Professor of Political Science
An inaugural Public Policy Fellow at the Rockefeller Institute of Government, Dr. Lisa Parshall is drawn to federal, state, and local politics and public policy issues. She is an active scholar on these topics, and is frequently found advocating for voter education in the community. In the classroom, Parshall explores the world of politics with students through a real-world perspective that oftentimes pulls from the ever-changing political arena and in what promises to be an active election year ahead.
What sparked your interest in political science, government, and public policy?
I started my undergraduate career as a secondary education history major but quickly found that the courses I enjoyed most were in political science. The faculty at the University of Wisconsin-La Crosse encouraged me to consider pursuing a doctorate in political science, which combined my interest in teaching with my love of law and politics.

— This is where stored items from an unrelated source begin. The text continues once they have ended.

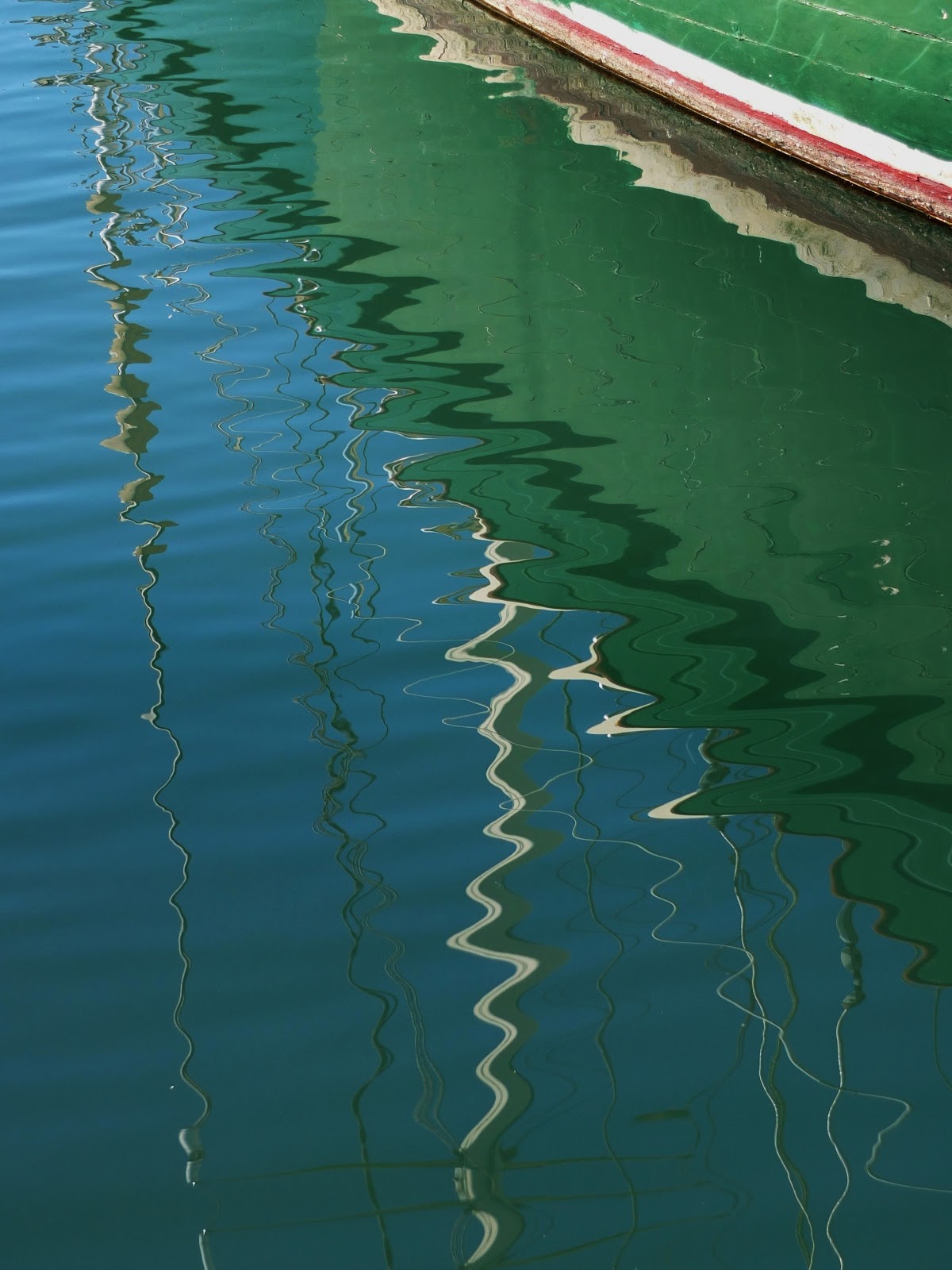 Ducks' wakes put a nap to the water's surface, but I like the rippled look of this reflection:
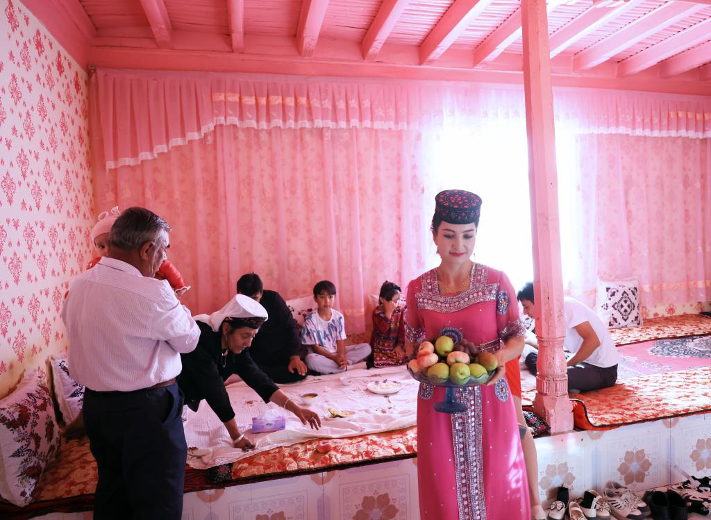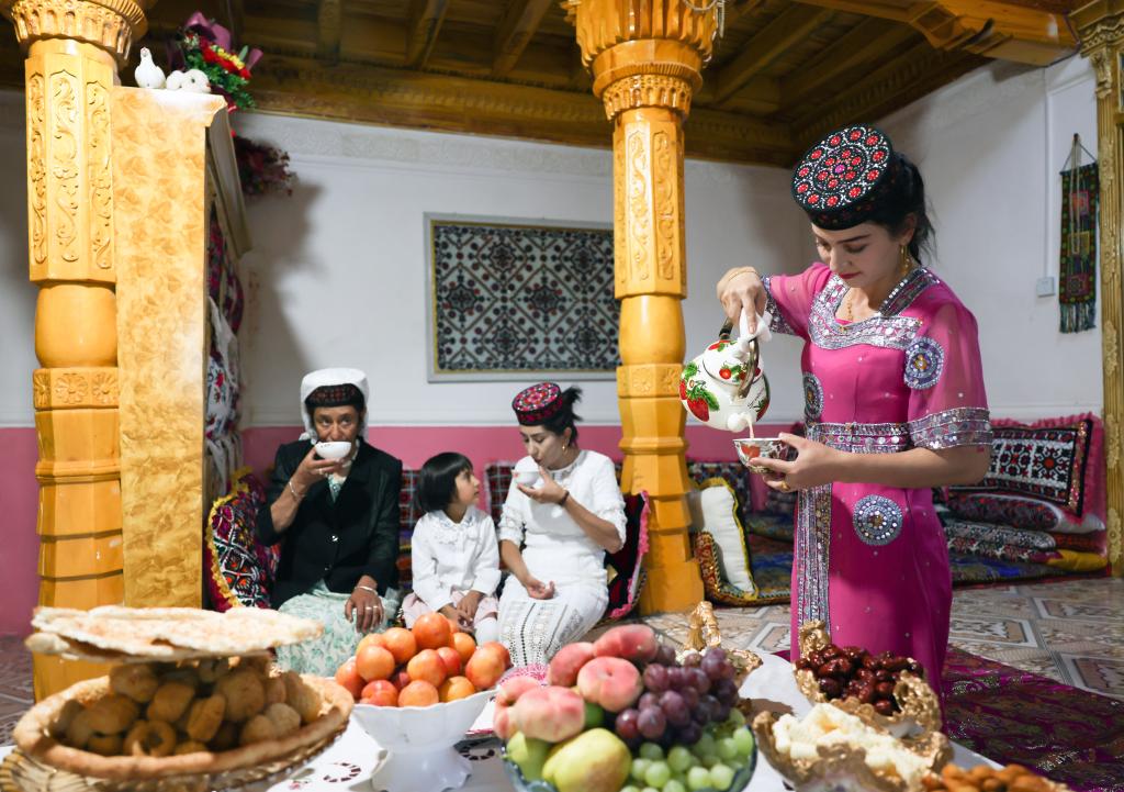 回到家中的古丽巴努尔·库尔恰克(右)为家人们倒上奶茶(9月4日摄)。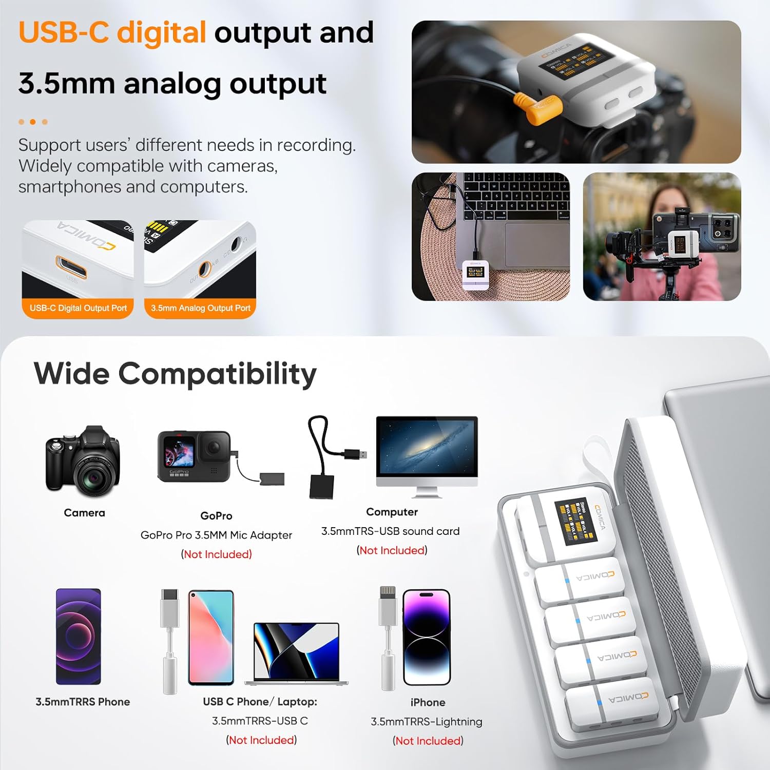 - Universal Compatibility with Effortless Switching: Seamlessly toggle between USB-C digital and 3.5mm analog outputs to meet diverse recording requirements. The Comica Vimo Q wireless microphone system effortlessly adapts to cameras, smartphones, and computers, ensuring hassle-free and universal compatibility for all your recording needs.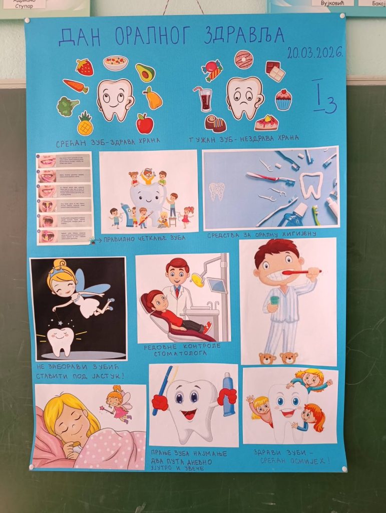У одјељењу I-3, учитељице Јелене Батоз, обиљежен је Свјетски дан оралног здравља.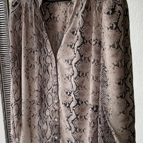 Orange skjorte fra Ravn Ravn med blomster mønster. Skjorte er v-halsen. Den er længere bagpå end foran.

Describe your experience as an inaugural Richard P. Nathan Public Policy Fellow at the Rockefeller Institute of Government (RIG).
This honor was especially meaningful because I have always been inspired by Dr. (Richard) Nathan’s work and respect the reputation of the RIG as a preeminent research center for New York State policy studies. Becoming a fellow has allowed me to work directly with scholars and staff who are experts in this field.
How do you incorporate current events into teaching political science in the classroom?
It is impossible not to incorporate current events into teaching political science. I encourage students to follow the news and will highlight specific events that connect the course material to the “real-world.” Following current political news allows students to connect the principles and concepts to the world around them.
What do you like most about teaching students at Daemen?
I particularly like that our classrooms are small enough to allow us to get to know students individually and that we can see our students progressing over the course of their time at Daemen. It is especially gratifying to see so many of our majors go on to successful careers. We have talked about needing a wall of fame in our department to honor the many accomplishments of our students.
What are your research interests and your most recent published works?
Most recently, my co-author and I received a contract for a book on Trump and the administrative state. I’m also working on my soloauthored book on village government entitled, “In Local Hands,” which looks at the formation and dissolution of local governments in New York State. I’m also watching the 2020 nominating process as part of my continued interest on presidential nominating reforms.